**Given data:**
****************
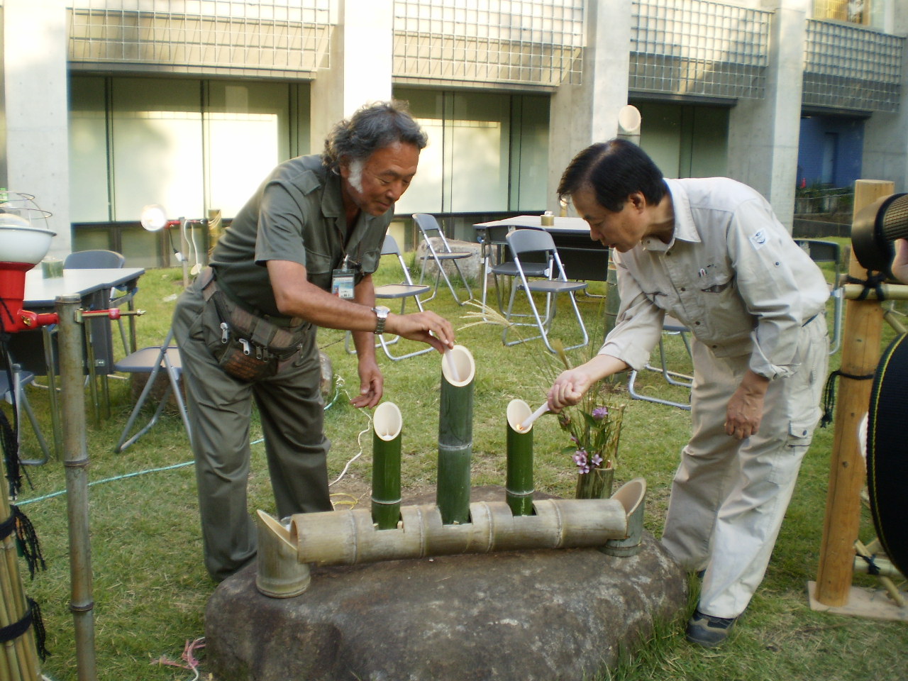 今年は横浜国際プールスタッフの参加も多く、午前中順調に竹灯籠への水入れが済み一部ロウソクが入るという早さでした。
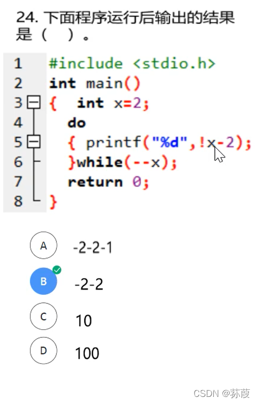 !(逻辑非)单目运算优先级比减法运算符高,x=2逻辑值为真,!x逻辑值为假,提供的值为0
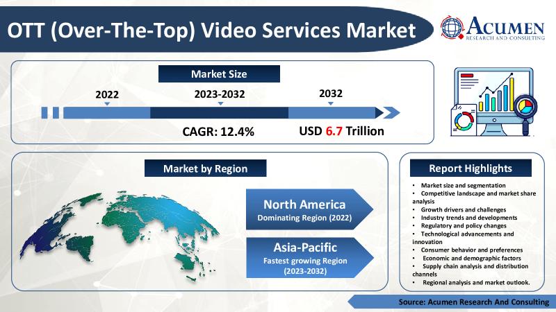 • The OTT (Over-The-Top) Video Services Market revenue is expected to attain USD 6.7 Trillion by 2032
****************
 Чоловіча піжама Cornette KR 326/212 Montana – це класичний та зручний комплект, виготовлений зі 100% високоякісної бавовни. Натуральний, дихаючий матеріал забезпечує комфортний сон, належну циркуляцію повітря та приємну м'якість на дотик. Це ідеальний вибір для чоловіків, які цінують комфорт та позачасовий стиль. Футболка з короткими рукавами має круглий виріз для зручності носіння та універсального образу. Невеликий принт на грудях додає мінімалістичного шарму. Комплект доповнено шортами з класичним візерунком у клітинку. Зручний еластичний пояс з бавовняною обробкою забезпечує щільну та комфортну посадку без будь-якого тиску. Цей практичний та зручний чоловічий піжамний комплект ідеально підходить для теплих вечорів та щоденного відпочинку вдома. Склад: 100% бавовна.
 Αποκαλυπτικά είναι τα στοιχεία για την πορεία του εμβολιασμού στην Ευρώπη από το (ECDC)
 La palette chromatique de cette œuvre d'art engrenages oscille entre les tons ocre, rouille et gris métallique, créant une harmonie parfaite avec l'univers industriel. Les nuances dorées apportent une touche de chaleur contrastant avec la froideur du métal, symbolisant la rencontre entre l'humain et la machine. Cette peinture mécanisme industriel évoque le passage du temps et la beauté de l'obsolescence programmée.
****************
**Exercise brief:** Set the pictures aside and reproduce exactly the lines above, from the line holding "今年は横浜国際プールスタッフ" through the line holding "Trillion by 2032", both included, with nothing else.

**Written response:**
 今年は横浜国際プールスタッフの参加も多く、午前中順調に竹灯籠への水入れが済み一部ロウソクが入るという早さでした。
 !(逻辑非)单目运算优先级比减法运算符高,x=2逻辑值为真,!x逻辑值为假,提供的值为0
 • The OTT (Over-The-Top) Video Services Market revenue is expected to attain USD 6.7 Trillion by 2032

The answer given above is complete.